Friday, 1 June 2012

Warsaw's airport served by rail at last

Until half past four this morning, Warsaw was probably the only capital in the developed world whose airport lacked a rail connection to the city centre. As of today, Warsaw has jumped up several notches in urban sophistication with the opening of W-wa Lotnisko Chopina station. The first train pulled into the brand new underground station early today. On my way between meetings, I took a detour and arrived at the airport via W-wa Służewiec around eleven. The new line is very impressive. Once the Euro's out of the way and the timetables have been fine-tuned, it will serve as a huge improvement to public transport in this part of town.

Above: a Koleje Mazowieckie train enters the station (left), while a Szybkie Koleje Miejskie train stands on the opposite platform. Two different operators, two different tickets. SKM is run by the city transport authority, ZTM, and takes standard bus tickets. The one-day, weekly, monthly and quarterly travel cards can be used on both KM and SKM trains.  

Below: the station entrance emerges at street level by the domestic terminal, so there's a 300 metre-walk to the main international terminal.

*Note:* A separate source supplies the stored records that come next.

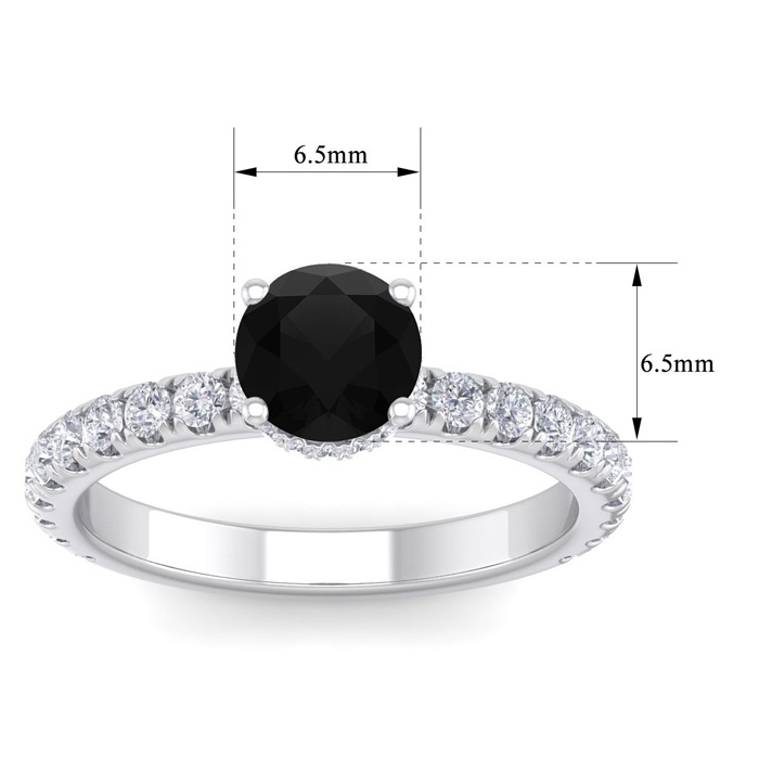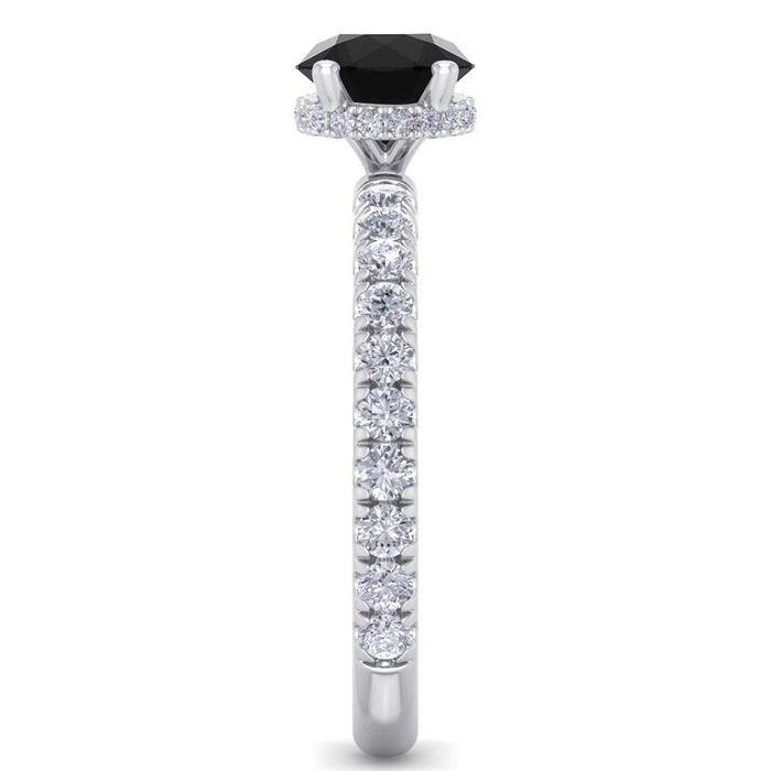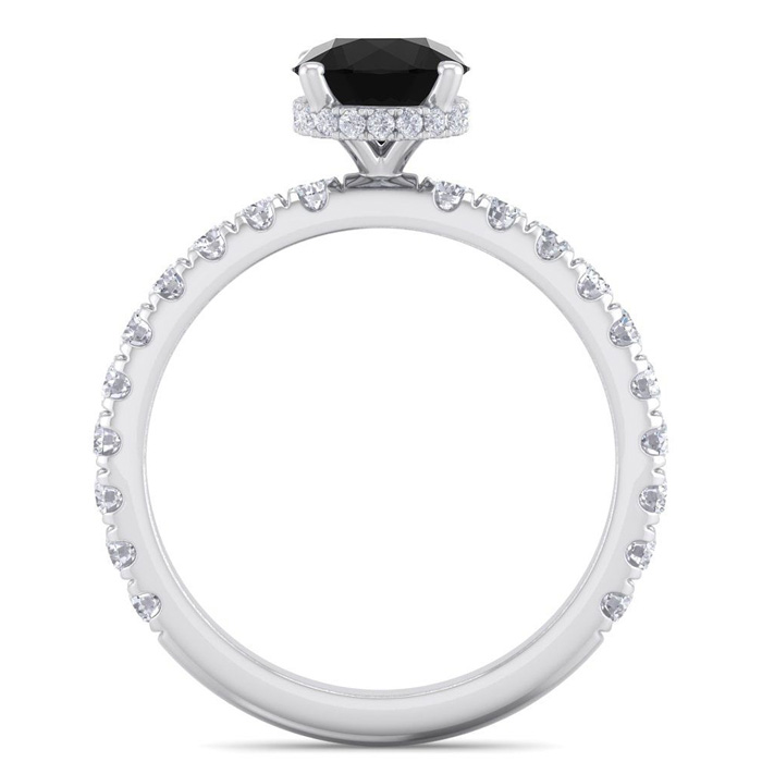 1 1/2 Carat Round Shape Hidden Halo Black Moissanite Engagement Ring In 14 Karat White Gold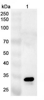 Western blot analysis was performed using anti-Human PSA/KLK3 polyclonal antibody at 1ug/mL on recombinant Human PSA/KLK3 (Catalog No.:TD-HY250012).,Western blot analysis was performed using anti-KLK3 polyclonal antibody at 1ug/mL on various samples.Lane 1:Lncap cell lysate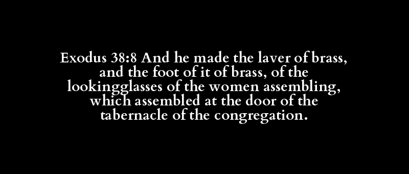 Exodus 38:8 And he made the laver of brass, and the foot of it of brass, of the lookingglasses of the women assembling, which assembled at the door of the tabernacle of the congregation.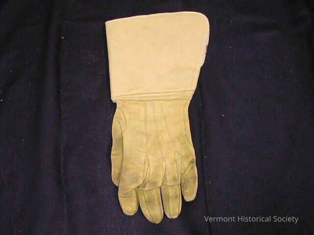 White leather glove with stiff, wide cuff. The inside of the cuff is inked with the inscription, "Lt. Col. Farnham 12th Vt. Vol. M". The glove is for the left hand.Context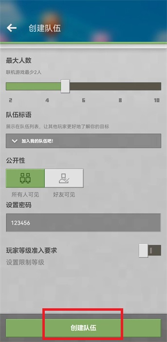 4、在這個(gè)創(chuàng)建隊(duì)伍的界面中,可以選擇創(chuàng)建的人數(shù)、公開性還有密碼,有了密碼別人就不會(huì)加入了,點(diǎn)擊下方的【創(chuàng)建隊(duì)伍】進(jìn)入到房間中;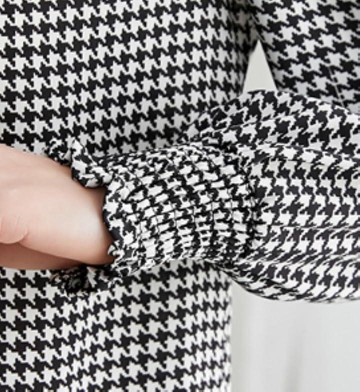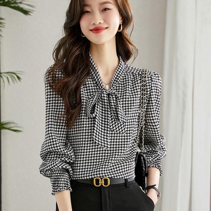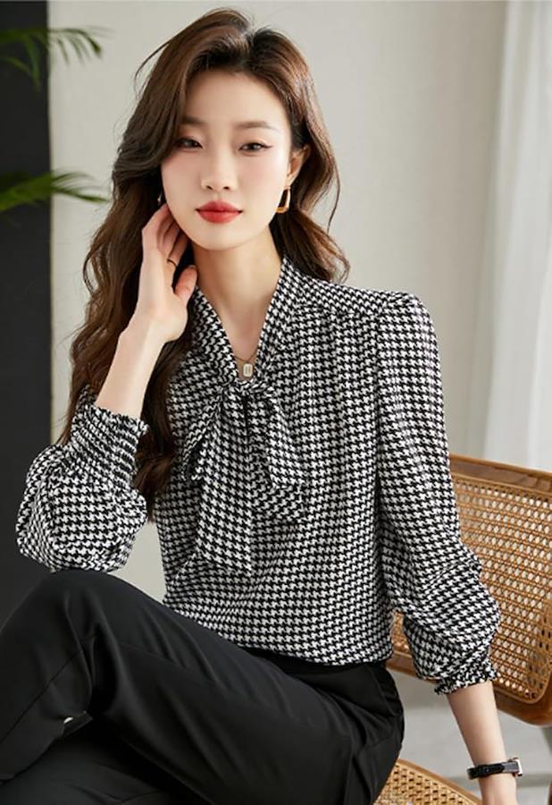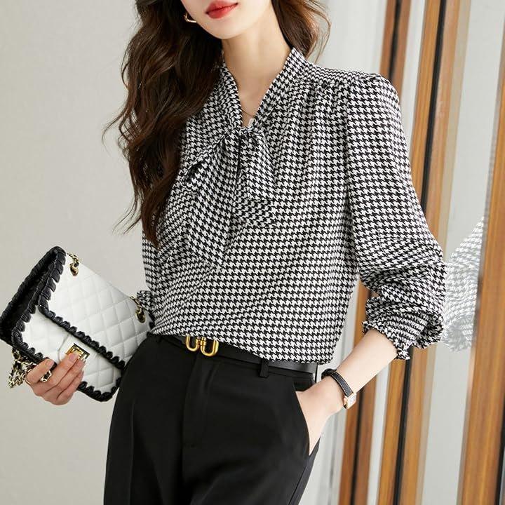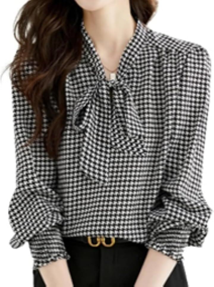 胸元のリボンがアクセントになって、可愛さとおしゃれが両立でき、千鳥格子柄が上品なデザインのブラウス。
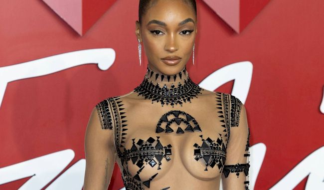 Model Jourdan Dunn wearing a semi-sheer dress while attending the 2022 Fashion Awards in London! Can see quite a bit of areola!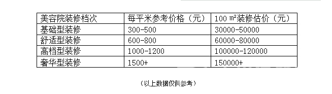以上是我們根據(jù)當(dāng)前的市場(chǎng)行情,所制定的一份參考裝修價(jià)格表,當(dāng)然在實(shí)際當(dāng)中,根據(jù)地理位置以及材料選擇,還有裝修風(fēng)格等各種因素,都會(huì)對(duì)美容院的裝修價(jià)格起到影響,所以美容院裝修要花多少錢還得以實(shí)際情況為準(zhǔn)。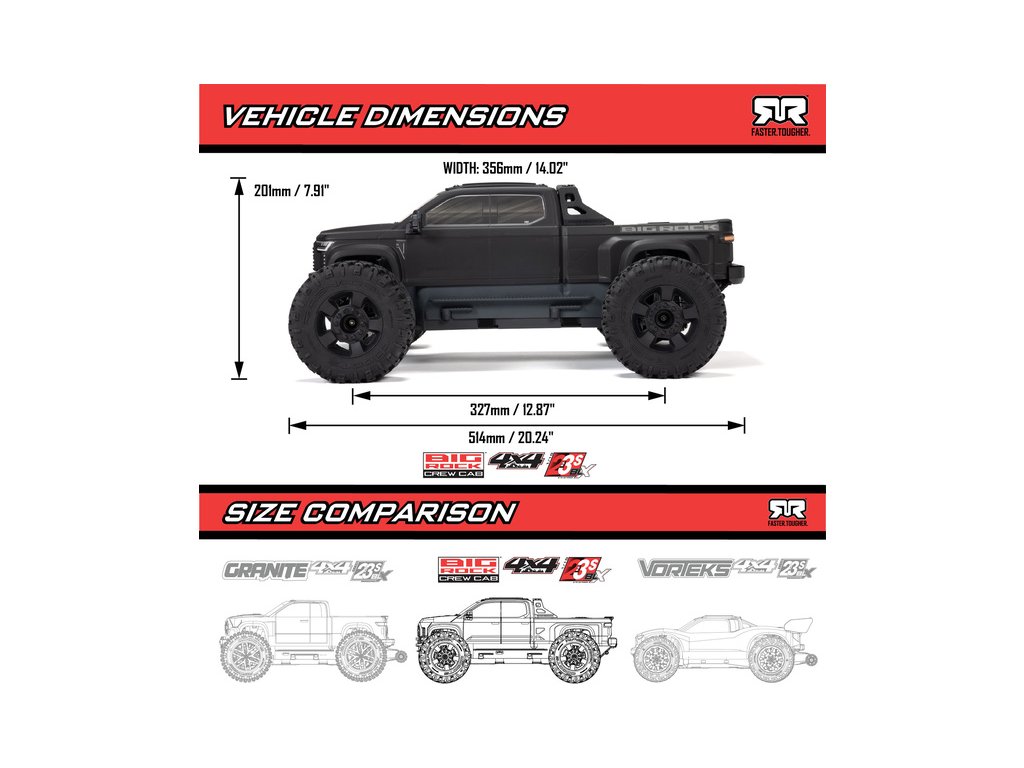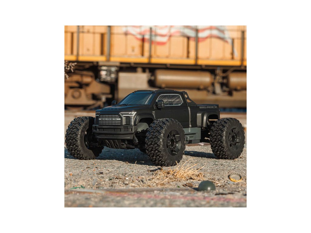 RC model auta Arrma Big Rock 223S BLX typu Monster truck s náhonem 4WD, nezávislým zavěšením, olejovými tlumiči a výkonným střídavým pohonem, dosáhne rychlosti až 80 km/h. To vše za dostupnou cenu pro takto výkonný model. Výborné jízdní vlastnosti zajišťuje pohon všech kol se středovým a nápravovými diferenciály. Obsažena je exkluzivní stabilizace jízdy DSC. RC auto je určeno pro děti, dospělé, začátečníky i zkušené jezdce, kteří získají hotový, odolný a rychlý model. Bezsponková karoserie s dlouhou korbou je ztělesněním agresivního stylu nákladních pick-up vozidel.

While Warsaw cheers the opening of its first new line in decades, spare a thought for people passing through W-wa Służewiec, the station at which the airport spur runs off the main Warsaw-Radom line, and an important communications hub for the sprawling office developments of lower Mokotów. The newly-rebuilt tram loop as yet has no passenger access to the station. You must either take a 500m detour via the pedestrian crossing by ul. Taśmowa, or risk a 90m trespass through a muddy building site, then over the railway line, to the platform.

And the temporary ticket booth is still where it was before the new platform was open (below). To get to it, you must either make a long detour, or simply hop across the tracks. Not much fun for mums with prams, babcie with shopping trolleys or the disabled.

To the left, in the distance, a group of people en route to the platform from the tram loop are crossing the line (a tram is visible behind the ticket booth).

Using this station is still massively inconvenient. However, it is now served by three times as many trains an hour from town as was previously the case - in peak hours six up from two, off-peak five up from one.

This is my first blog post on 1 June - nothing from last year, 2010, 2009, 2008 or indeed 2007 on this day.


Anonymous said...

There are still plenty of capitals in the developed world with no rail connection to airport (Canberra, Ottawa, etc.)

Anonymous said...

You may probably have been not yet in Paris : to Paris aeroports (Charles de Gaulle or Orly), both have train lack directly to the Paris center : 25mn. And they exist very long time ago !

Paddy said...

Looking forward to travelling on this tomorrow on my return to the UK.

Michael Dembinski said...

@ anon - go on, name more...

Ottawa and Canberra are federal capitals, places that sprang up by fiat rather than being a result of the organic growth of communities, as most capital cities are.

Anonymous said...

Dublin, Riga, Tallinn, Edinburgh (not a capital yet) don't have rail links (yet).